Sunday, June 7, 2026

Short Story Inspirations and "Mrs. Dalloway"

On Friday, I headed to Columbia to see my grad school friend who had a catastrophic stroke 2 years ago and now lives in a skilled nursing unit.  After that visit, I went to a different grad school friend, my upstairs neighbor in long-ago grad school days.  We are both writers, both college English teachers, both on life paths similar and different.

Lately she's been attending a Shut Up and Write group, which has been working for her in all sorts of ways.  I keep thinking I might go with her on a Friday when her group meets.  I'm also thinking it might make an interesting experiment for my own writing classes that I teach.

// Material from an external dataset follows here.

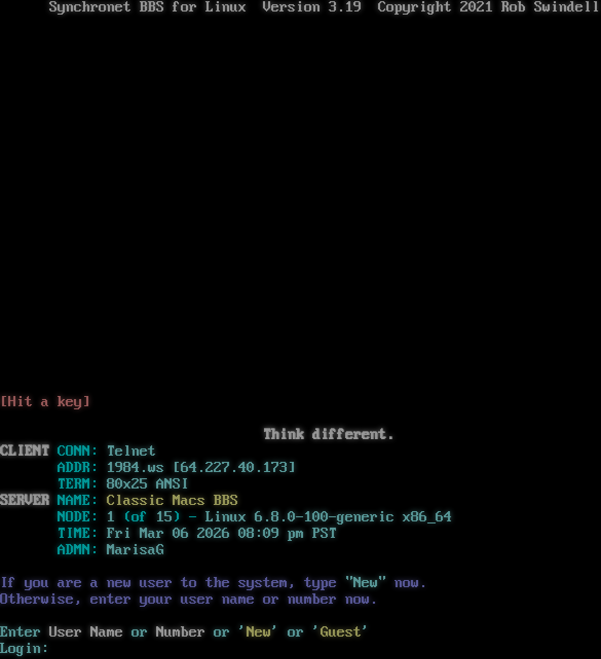 Synchronet BBS for Linux Version 3.19 Telnet connection from: 64.227.40.173 Resolving hostname... _ _ Synchronet BBS for Linux Version 3.19 Copyright 2021 Rob Swindell [Hit a key]              Think different. CLIENT CONN: Telnet ADDR: 1984.ws [64.227.40.173] TERM: 80x25 ANSI SERVER NAME: Classic Macs BBS NODE: 1 (of 15) - Linux 6.8.0-100-generic x86_64 TIME: Fri Mar 06 2026 08:09 pm PST ADMN: MarisaG If you are a new user to the system, type "New" now. Otherwise, enter your user name or number now. Enter User Name or Number or 'New' or 'Guest' Login:

As I've been driving these past few days, I had an idea for my idea that I had a year ago on the 100 year anniversary of the publication of Mrs. Dalloway.  I wrote about it in this blog post:  "Now I am thinking of new projects, a new narrative that might weave the voice of an older woman in seminary, a younger woman teaching section after section of freshman comp in a community college, a middle aged woman struggling to write poems around the edges of her administrator job--and yes, they would all be me."

Throughout the past year, this idea has bubbled back up periodically and then simmered right back down.  I have not had the time or focus to write a novel.

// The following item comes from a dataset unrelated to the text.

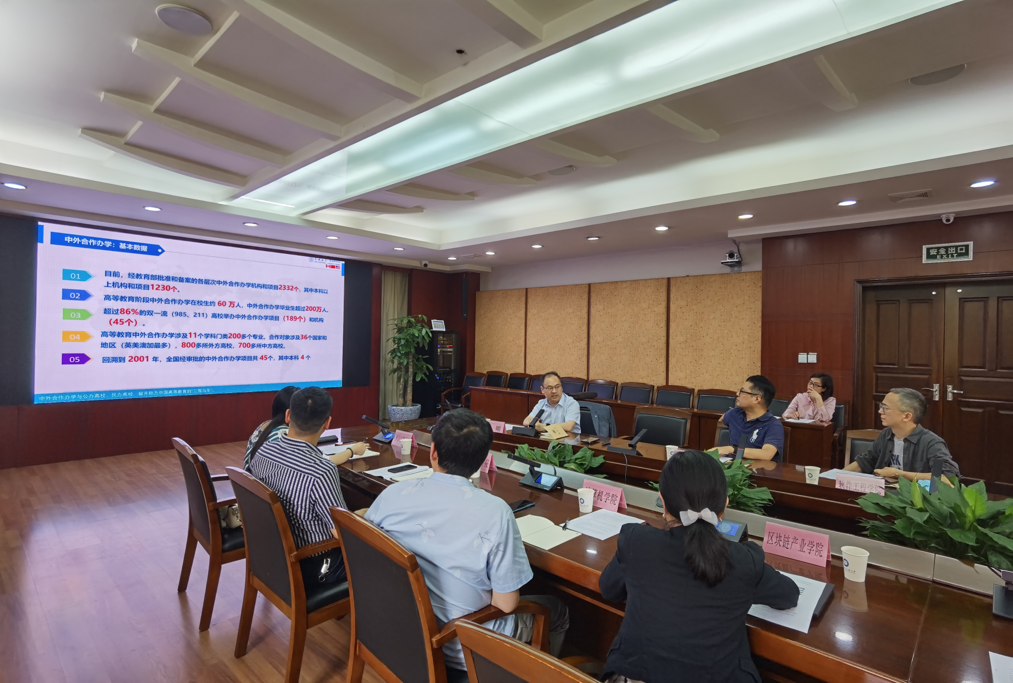 何曜围绕“中外合作办学对高校国际化发展的重要意义及其高质量运行与评估”主题作了讲座,分享了吉林大学-莱姆顿学院在中外合作办学方面的探索实践与创新经验。讲座由国际交流与合作处处长许源平主持,各学院国际化分管领导、国际干事参加。讲座结束后,许源平介绍了学校国际化办学和发展近况,以及学校中外合作办学项目申报工作进展,与会人员与何曜就中外合作办学非独立法人机构的运营和管理、专业设置、课程引入以及教材选用等方面的问题进行了深入交流与探讨。

And then, on Friday, I thought, why not write linked short stories?  Write a short story for each year of my past 30 years and then choose the best.  I would probably not play with time; I would probably organize the stories chronologically.  So the fact that the characters in the blog post description are the same would not be a surprise.

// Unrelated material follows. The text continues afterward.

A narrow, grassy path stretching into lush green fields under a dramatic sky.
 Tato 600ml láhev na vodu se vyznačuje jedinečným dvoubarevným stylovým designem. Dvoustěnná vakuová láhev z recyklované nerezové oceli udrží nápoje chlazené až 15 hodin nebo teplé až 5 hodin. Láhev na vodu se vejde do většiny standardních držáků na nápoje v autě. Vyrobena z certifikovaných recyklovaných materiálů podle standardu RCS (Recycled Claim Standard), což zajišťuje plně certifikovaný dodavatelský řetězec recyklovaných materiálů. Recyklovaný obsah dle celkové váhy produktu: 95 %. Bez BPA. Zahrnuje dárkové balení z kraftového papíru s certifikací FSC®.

I immediately felt tired at the amount of short stories if I had to write one per year--so I immediately decided that I didn't have to do each year.  I did wonder about perspective--if I'm writing a story set in 1995, can I use knowledge that doesn't come for another 20 years?

On my drive yesterday, I thought about a different approach.  I could write stories by way of subject.  I wrote one such story as a requirement for a seminary class, which I wrote about at the end of this blog post.  That story used fairy tales as a jumping off point to talk about beauty and self image and other stories, like the Little House books, that girls often read, along with boiling water in the aftermath of Hurricane Helene.  

Some subjects I thought about:

--shoes:  hiking boots and camouflage high tops

--the habit of buying fixer-uppers

--tea practices

--various books could serve as jumping off points, the ones we read in grad school or in childhood and the surprising intersections

--journaling and blogging and the types of writing that aren't always valued by grad school professors

--the oat bran muffins I made in grad school, the muffins sold in the coffee shop in the basement of the humanities office building

--all sorts of baking

--nutrition developments through the years

--a wide variety of religious/theological issues

--and then there's all the music

--yearning for graduate studies even after getting a PhD

I love the idea of short stories instead of a work that has a long narrative arc across 200-300 pages. It's an idea that's much more manageable with my current commitments.  Maybe in retirement I'll return to to writing traditional novels.